I would like to extract from a column the names matching the names contained in a large vector of characters. In some cases, the extracted string is not complete because of whitespaces.
Here below a replicable example:
library(stringr)
library(dplyr)
library(tidyr)
library(stringi)
data <- data.frame (address = c("to New York street", "to New cafe", "to Paris avenue", "to London hostel"))
search_string<-c("London","Paris", "New", "New York")%>% paste(collapse = " |to ")
data %>% dplyr::mutate(temp_com = str_extract_all(paste(address), search_string))
This is the results :
address temp_com
1 to New York street to New
2 to New cafe to New
3 to Paris avenue to Paris
4 to London hostel London
And this is what I would like:
address temp_com
1 to New York street to New York
2 to New cafe to New
3 to Paris avenue to Paris
4 to London hostel London
Thank you very much for your help
CodePudding user response:
Change the order of your search strings to longest-to-shortest. (Also, I'm inferring you intend to have "to "

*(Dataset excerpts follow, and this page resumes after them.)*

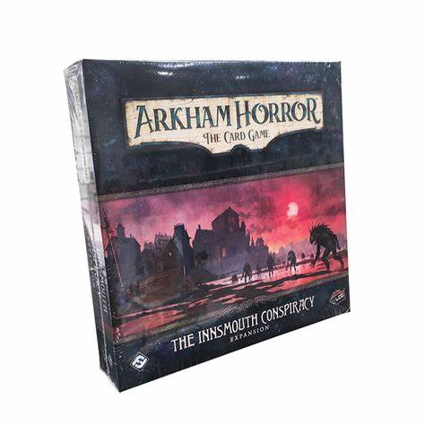 The Innsmouth Conspiracy, the sixth deluxe expansion for Arkham Horror: The Card Game, invites you to take your first steps in a twisting, time-jumping tale, starting with the campaign’s first two scenarios included in this expansion. From the heart of Innsmouth itself to the torturous coastline and beyond, these scenarios tee up an adventure that will continue to unfold across the subsequent six Mythos Packs. Far from including just two new scenarios, however, The Innsmouth Conspiracy brings five new investigators to the table with an undersea trove of player cards to support new types of decks—along with new mechanics for players to sink their teeth into, including keys, flood tokens, bless tokens, and curse tokens!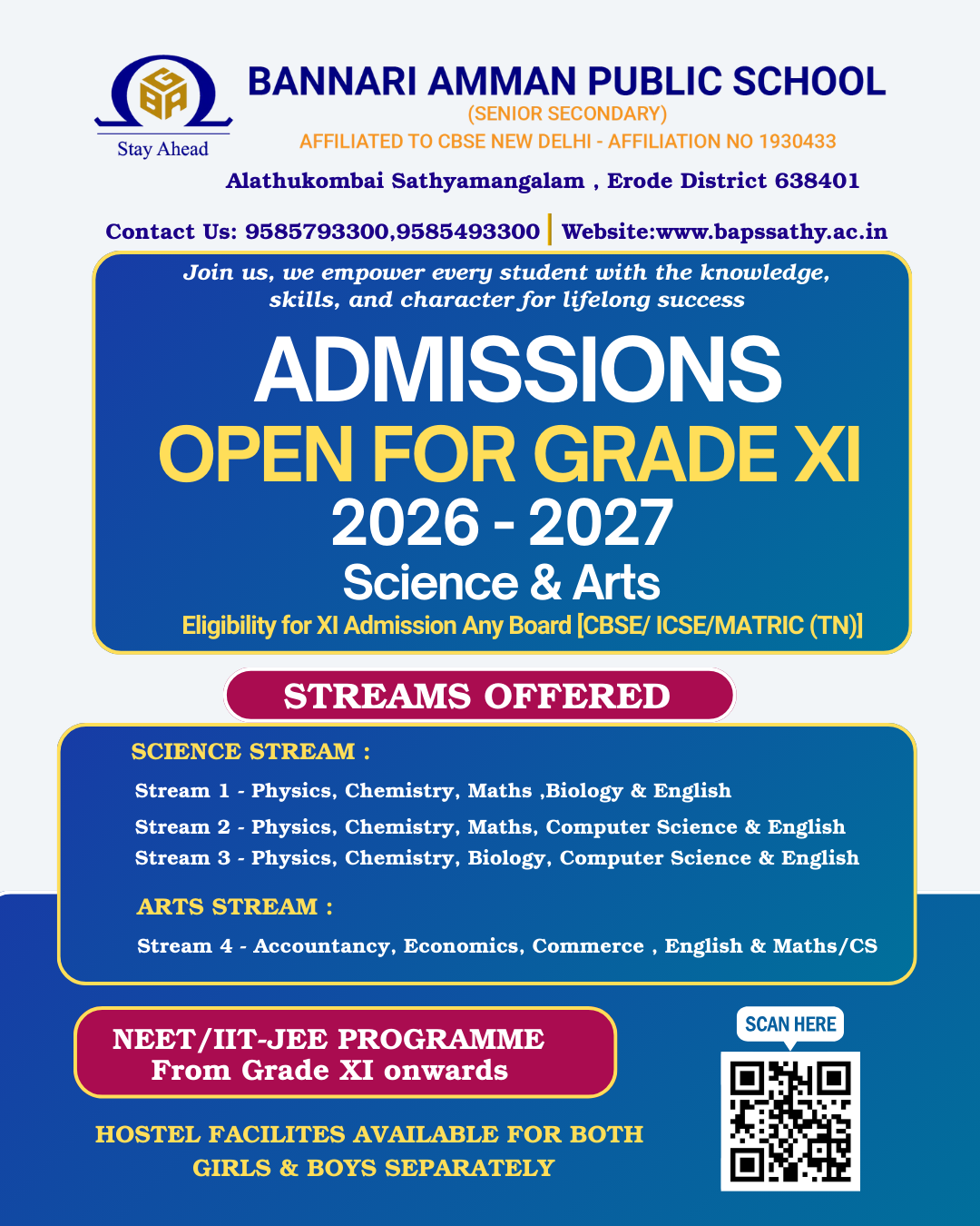 BAPS is a CBSE affiliated school, established by SVB foundation in 2012 at Alathukombai, Erode District of Tamilnadu owing to the deep desire and urge of the people of the locality. Our vision is of a high achieving multi institution educational context in which all young ones achieve their potential through high quality personalized learning that is designed to meet their individual needs.
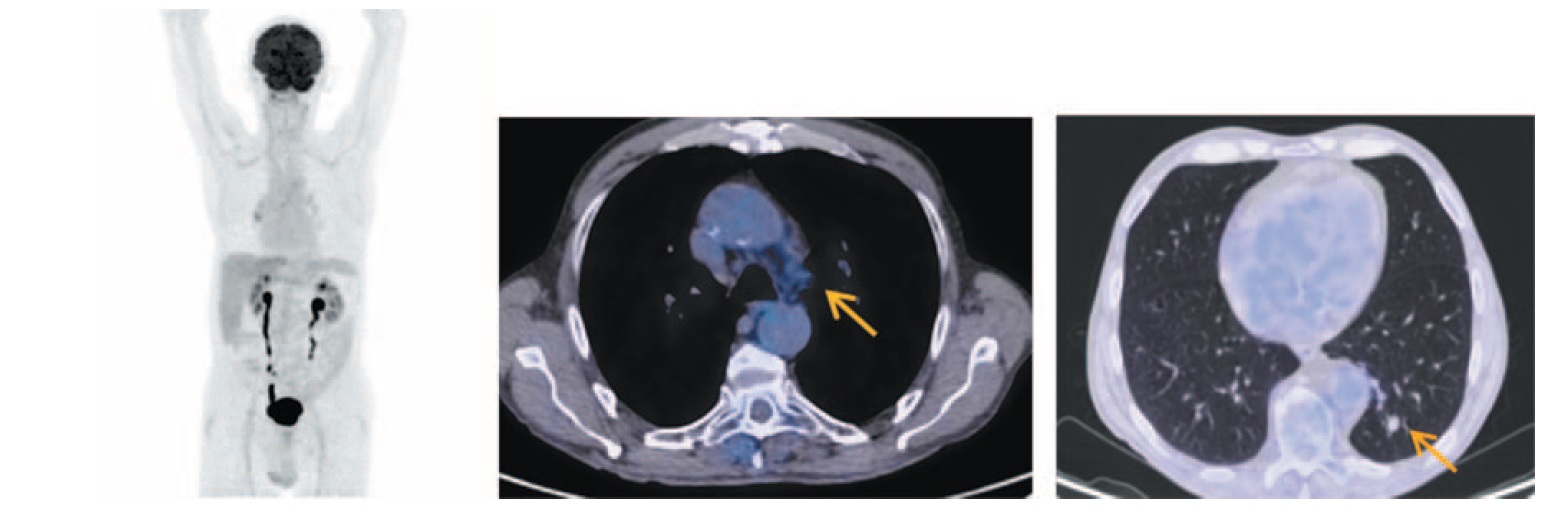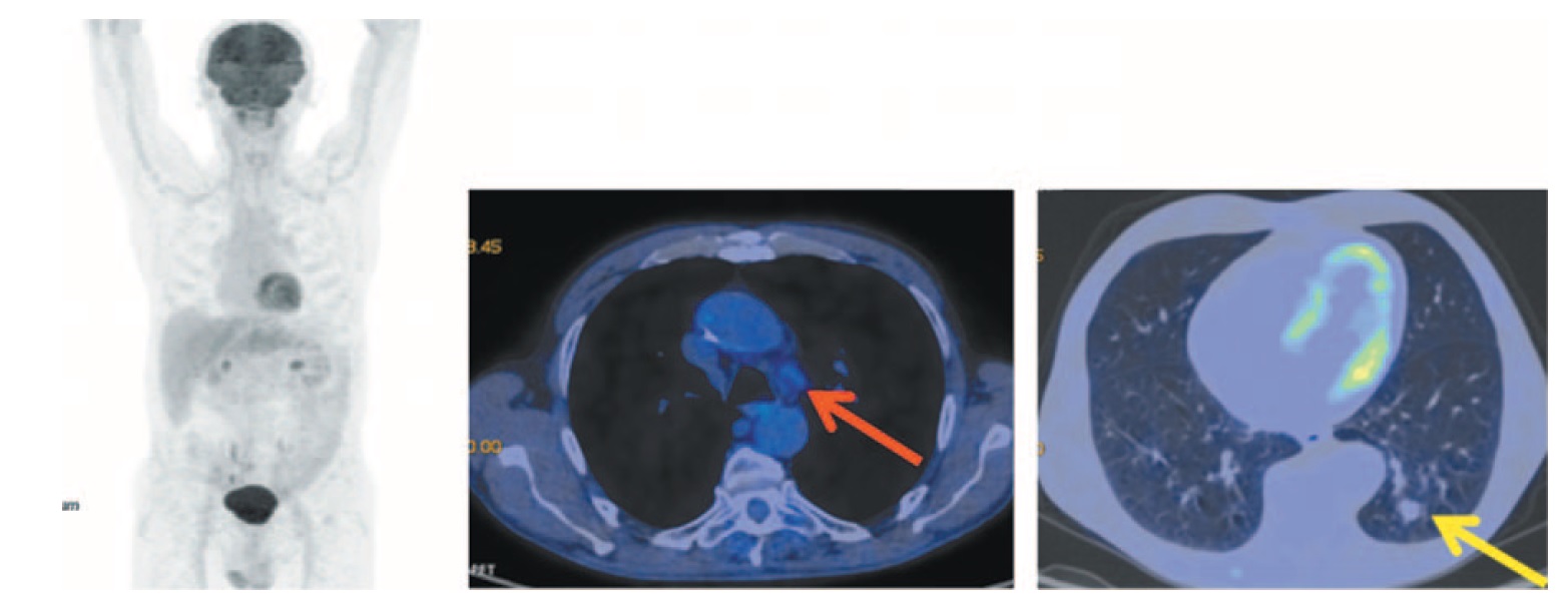 Рис. 4. Больной П., 76 лет, после 16 введений атезолизумаба (через 10 мес от начала лечения). На МIP- и аксиальных ПЭТ/КТ-проекциях в нижней доле левого легкого сохраняется тяж фиброза с узловым образованием в структуре размером до 12×10 мм без метаболической активности ФДГ. Сохраняются лимфоузлы аортопульмонального окна размером до 10 мм с фоновой фиксацией РФП. / Fig. 4. A 76-year-old patient P. after 16 injections of atezolizumab (10 months after the beginning of treatment). A band of fibrous tissue with a nodular formation in a structure measuring 12×10 mm without FDG metabolic activity in the lower lobe of the left lung is still detected on MIP- and axial PET/CT images. Aortopulmonary window lymph nodes measuring 10 mm with focal RFP uptake are still detected.

before your first search string, it's being omitted in your current example.)
search_string <- c("London","Paris", "New", "New York")
search_string <- paste(paste("to", search_string[order(-nchar(search_string))]), collapse = "|")
search_string
# [1] "to New York|to London|to Paris|to New"
data %>%
dplyr::mutate(temp_com = str_extract_all(paste(address), search_string))
# address temp_com
# 1 to New York street to New York
# 2 to New cafe to New
# 3 to Paris avenue to Paris
# 4 to London hostel to London